§ **Exercise requirements**: Repeat the data that follows exactly, starting at the line with "不用組建什么網(wǎng)絡" and ending at the line with "As Xena and", and leave out every picture.

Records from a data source
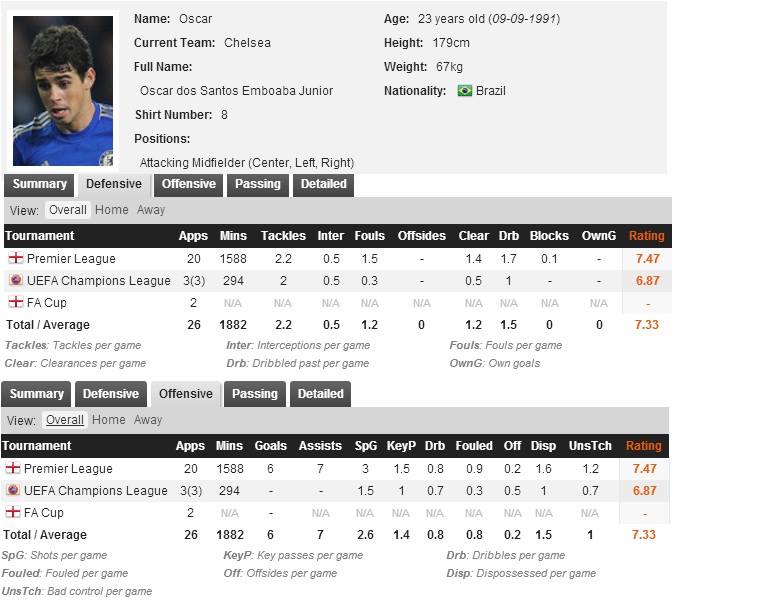 A vital cog in Mourninhoa s Chelsea machine, Oscar dos Santos Emboaba JA?nior can look at his career so far and call it a success. However, like all young careers with huge expectations, Oscar knows that to be established as one of the all-time greats, he needs to win trophies. And to do that, he needs to perform consistently at the top level and at a top club. If he does in fact stay at Chelsea (he signed a long-term deal this season) for the duration of his contract, there is no doubt in any Bluesa faithful minds that he will go on to become a success. If, however, he does wish to emulate his idol Ricardo Kaka, he still has a long way to go.
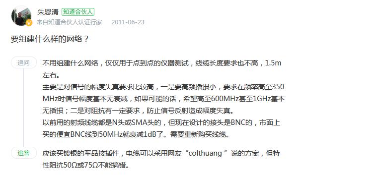 不用組建什么網(wǎng)絡(luò),僅僅用于點(diǎn)到點(diǎn)的儀器測(cè)試,線纜長(zhǎng)度要求也不高,1.5m左右。主要是對(duì)信號(hào)的幅度失真要求比較高,一是要高頻插損小,要求在頻率高至350MHz時(shí)信號(hào)幅度基本無衰減,如果可能的話,希望高至600MHz甚至1GHz基本無插損;二是對(duì)阻抗有一定要求,防止信號(hào)反射造成幅度失真。以前用的射頻線纜都是N頭或SMA頭的,但現(xiàn)在設(shè)計(jì)的接頭是BNC的,市面上買的便宜BNC線到50MHz就衰減1dB了。需要重新購(gòu)買線纜。
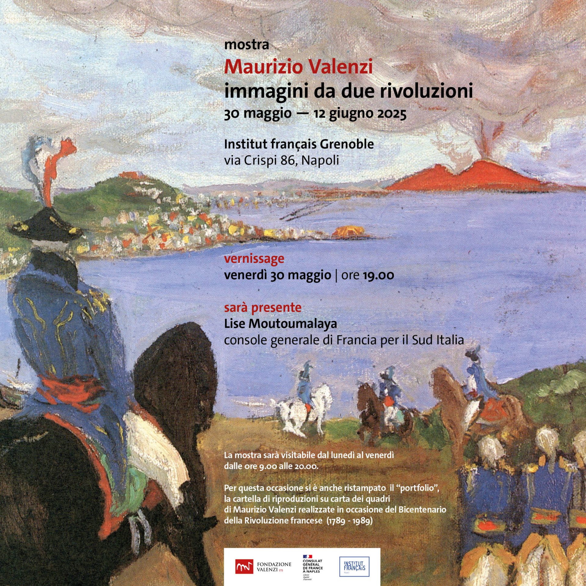 Il vernissage con la presenza della Console Lise Moutoumalaya si svolgerà venerdì 30 ma la mostra sarà visitabile dal 30 maggio al 12 giugno dal lunedì al venerdì dalle ore 9 alle 20 e consiste in 22 tavole che riproducono le opere di Maurizio Valenzi prodotte in occasione del Bicentenario della Rivoluzione francese (1789 - 1989) ed esposte per la prima volta al Palais de l'Europe di Strasburgo nel 1989. Le pitture illustrano prevalentemente momenti della Rivoluzione Partenopea del 1799.
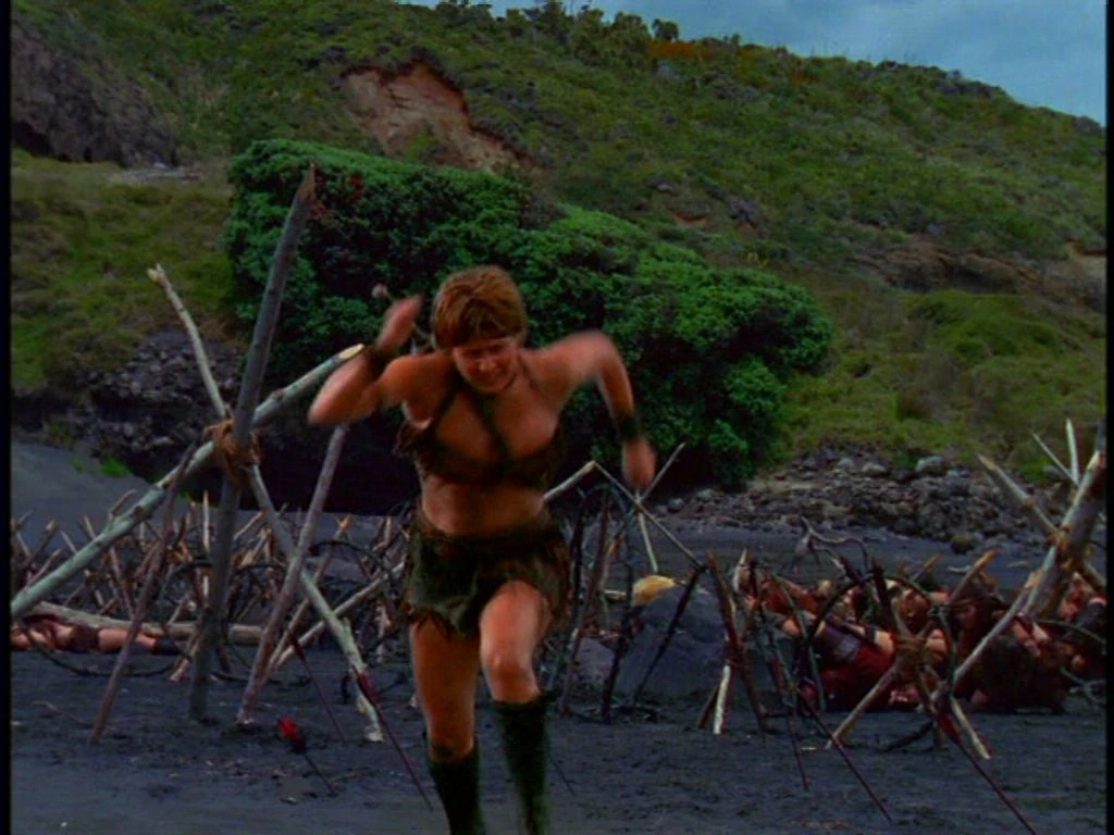As Xena and Tyro finish the raft, they notice Gabrielle struggling to grab Amazon weapons at the water's edge. Xena reaches Gabrielle and pushes her out of the way just before she is hit by a catapult. Xena grows suspicious when Gabrielle says that Varia ordered her to gather the weapons. Walking back, they see Varia crouched, shooting arrows at them.
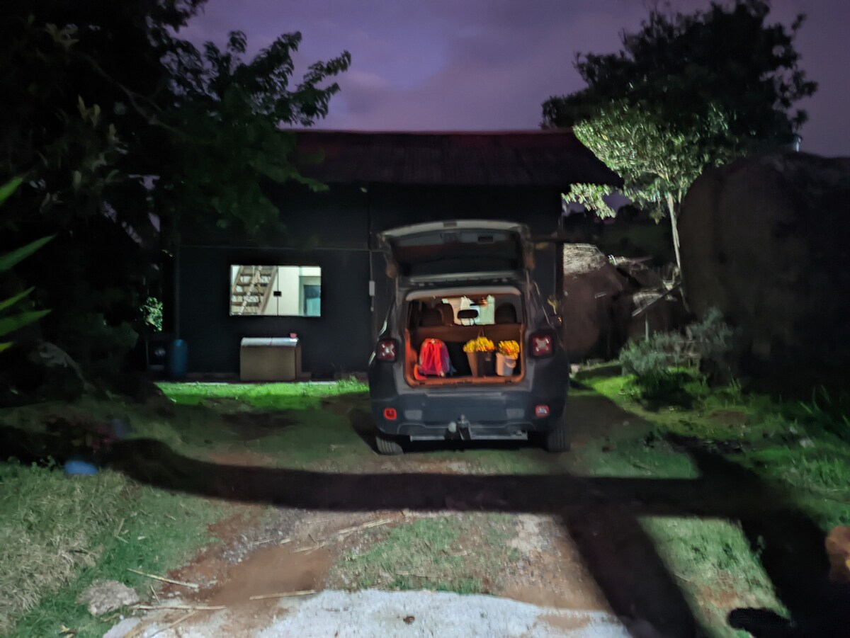Se você procura um lugar para fugir da correria e respirar ar puro, relaxar e aproveitar o que realmente importa. O chalé tem um quarto aconchegante com cama de casal e retroprojetor, banheiro espaçoso com vista pra natureza, sala com TV e sofá-cama, além de uma cozinha completa. Lá fora, o charme continua: lareira externa, churrasqueira e um bosque iluminado que deixa as noites ainda mais especiais. Perfeito pra quem quer se desligar da correria e viver dias tranquilos cercado de verde. 🌿
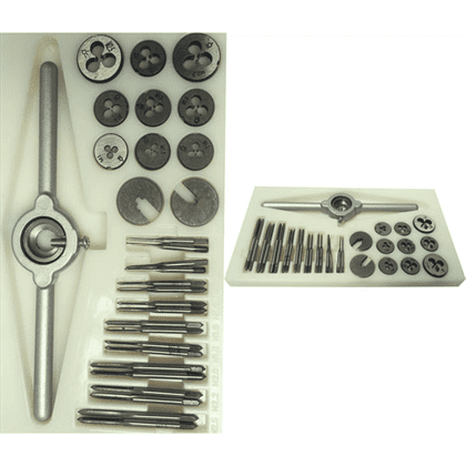 Professional tool for commercial or occasional use. High Speed Steel (HSS) is the best material for tap and dies. If you are cutting loads of new threads or using tap and dies regularly you need HSS. Ideal for model making/watch making or small engineering work. HSS for strength and durability. Metric size taps and dies. Comes in a blow molded tray, for easy storage and transporting. Set includes the ff. 2 x M1 tap – total length – 25mm : 2 x M1.1 tap – total length – 25mm : 2 x M1.2 tap – total length – 28mm : 2 x M1.4 tap – total length – 28mm : 2 x M1.6 tap – total length – 30mm : 2 x M1.8 tap – total length – 30mm : 2 x M2 tap – total length – 35mm : 2 x M2.2 tap – total length – 35mm : 2 x M2.5 tap – total length – 40mm : 9 x DIES – M1 / M1.1 / M1.2 / M1.4 / M1.6 / M1.8 / M2 / M2.2 and M2.5 : 1 x die holder – total length 125mm : 1 x internal die holder / reducer : 2 x tap holders to use in the die holder..
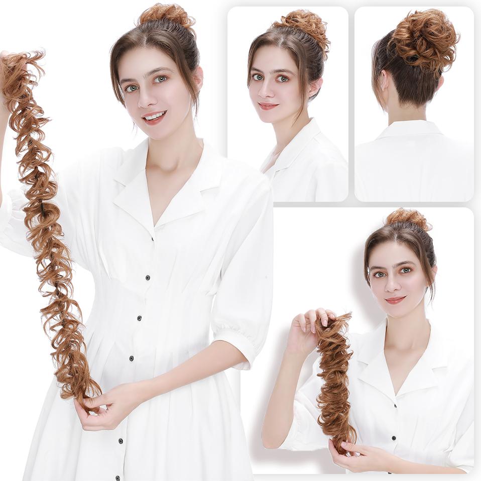 100% настоящие человеческие волосы, вьющиеся пончики, шиньон, кольцо, эластичная лента, булочка, шиньон
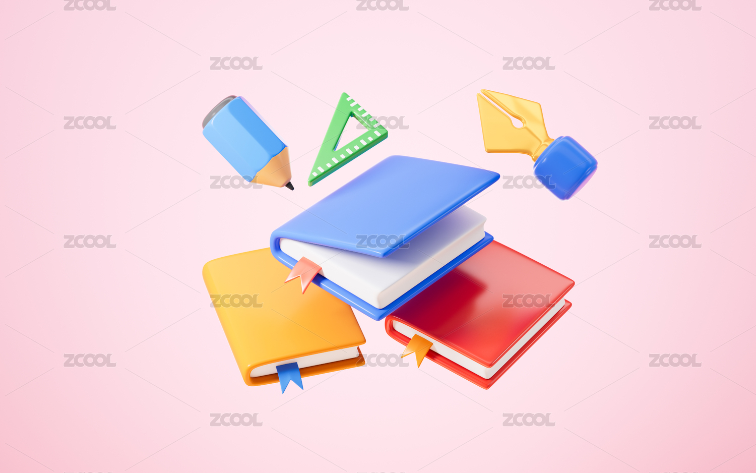 3D,插画,学习,学校,教育,知识,研究,写作,卡通,日记
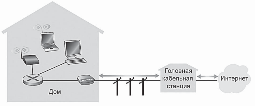Важная особенность кабельного доступа в Интернет состоит в том, что он является совместно используемым средством вещания. В частности, каждый пакет, передаваемый головной станцией, путешествует в нисходящем направлении по каждому каналу во все дома, а каждый пакет, передаваемый домом, путешествует по восходящему каналу в головную станцию. По этой причине, если несколько пользователей одновременно загружают видеофайл по нисходящему каналу, фактическая скорость передачи данных, с которой каждый пользователь принимает свой видеофайл, значительно меньше, чем суммарная скорость передачи нисходящих данных по кабелю. С другой стороны, если имеется лишь несколько активных пользователей и все они путешествуют по Интернету, то каждый может фактически загружать веб-страницы при максимальной скорости передачи нисходящих данных по кабелю, так как веб-страницы редко запрашиваются точно в одно время. Поскольку канал восходящих данных также используется совместно, необходим протокол распределенного множественного доступа, чтобы координировать передачи данных и избегать конфликтов.
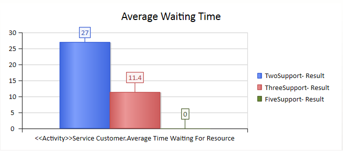 We started with two support resources, then tried three and five resources. After simulation, we have a BPSim Report based on different configurations: TwoSupport-Result, ThreeSupport-Result and FiveSupport-Result.
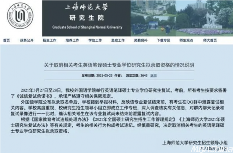 上师大复试讨论题目被举报,30余名拟录取考生被取消资格。
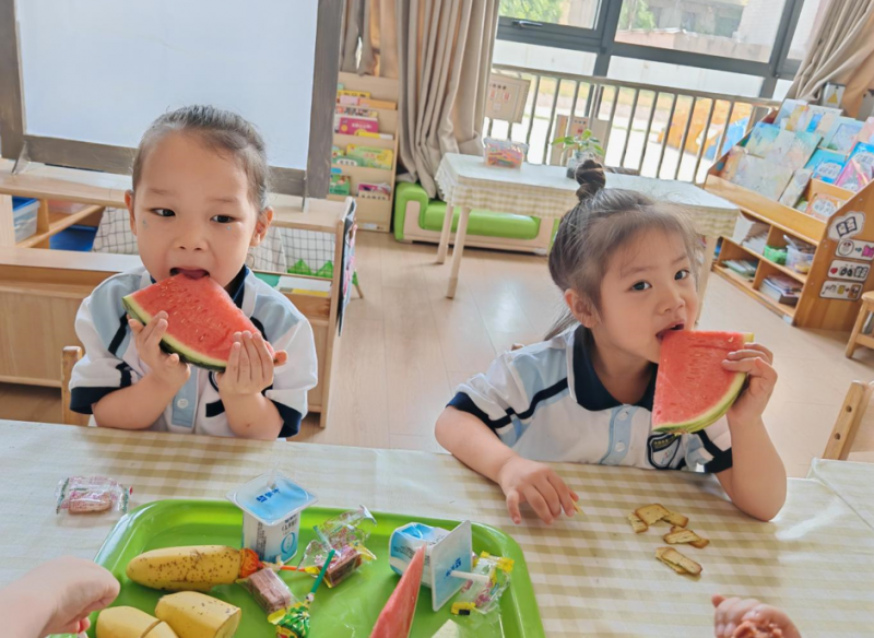 童年“食”光,甜蜜分享。當(dāng)“六一”與美食撞個(gè)滿懷,必定會(huì)擦出別樣的火花,一起來看看,屬于一幼萌娃的六一美食嘉年華吧——一桌桌琳瑯滿目的美食,西瓜、棒棒糖、香蕉、酸奶、山楂漢堡等美食讓孩子們目不暇接,好不歡喜呀!孩子們興奮地挑選著自己喜歡的美食,和好朋友一起分享。一口美味,一縷香甜,幼兒園處處彌漫著溫馨、快樂和幸福。
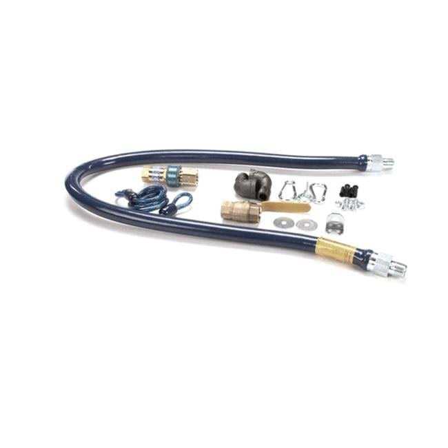Hook up your gas appliances and get cooking in a heartbeat with the Dormont 48″ 1650KIT48 SnapFast gas connector kit! This kit’s SnapFast device is a durable one-handed quick disconnect that installs easily by attaching it to the appliance inlet and your blue hose. When it’s time to clean your appliance SnapFast disconnects the gas flow for safe easy maintenance and then reconnects with just a push and a click. For added safety SnapFast has an internal thermal shutoff designed to shut off gas flow when temperature inside the fitting exceeds 350 degrees Fahrenheit. The restraining device attaches securely to your equipment and the wall of your facility to decrease strain on your gas hose as you move your unit out from the wall for cleaning and maintenance. A restraining system is required in most commercial kitchens. The Dormont blue gas hose included with this kit is made of woven corrugated 304 stainless steel tubing covered in an antimicrobial PVC coating that slows the growth of bacteria mildew and mold on the gas connector. The total length of the gas connector including hose and fittings is 48″.

§ **Task result**:
 不用組建什么網(wǎng)絡(luò),僅僅用于點(diǎn)到點(diǎn)的儀器測(cè)試,線纜長(zhǎng)度要求也不高,1.5m左右。主要是對(duì)信號(hào)的幅度失真要求比較高,一是要高頻插損小,要求在頻率高至350MHz時(shí)信號(hào)幅度基本無衰減,如果可能的話,希望高至600MHz甚至1GHz基本無插損;二是對(duì)阻抗有一定要求,防止信號(hào)反射造成幅度失真。以前用的射頻線纜都是N頭或SMA頭的,但現(xiàn)在設(shè)計(jì)的接頭是BNC的,市面上買的便宜BNC線到50MHz就衰減1dB了。需要重新購(gòu)買線纜。
 Il vernissage con la presenza della Console Lise Moutoumalaya si svolgerà venerdì 30 ma la mostra sarà visitabile dal 30 maggio al 12 giugno dal lunedì al venerdì dalle ore 9 alle 20 e consiste in 22 tavole che riproducono le opere di Maurizio Valenzi prodotte in occasione del Bicentenario della Rivoluzione francese (1789 - 1989) ed esposte per la prima volta al Palais de l'Europe di Strasburgo nel 1989. Le pitture illustrano prevalentemente momenti della Rivoluzione Partenopea del 1799.
As Xena and Tyro finish the raft, they notice Gabrielle struggling to grab Amazon weapons at the water's edge. Xena reaches Gabrielle and pushes her out of the way just before she is hit by a catapult. Xena grows suspicious when Gabrielle says that Varia ordered her to gather the weapons. Walking back, they see Varia crouched, shooting arrows at them.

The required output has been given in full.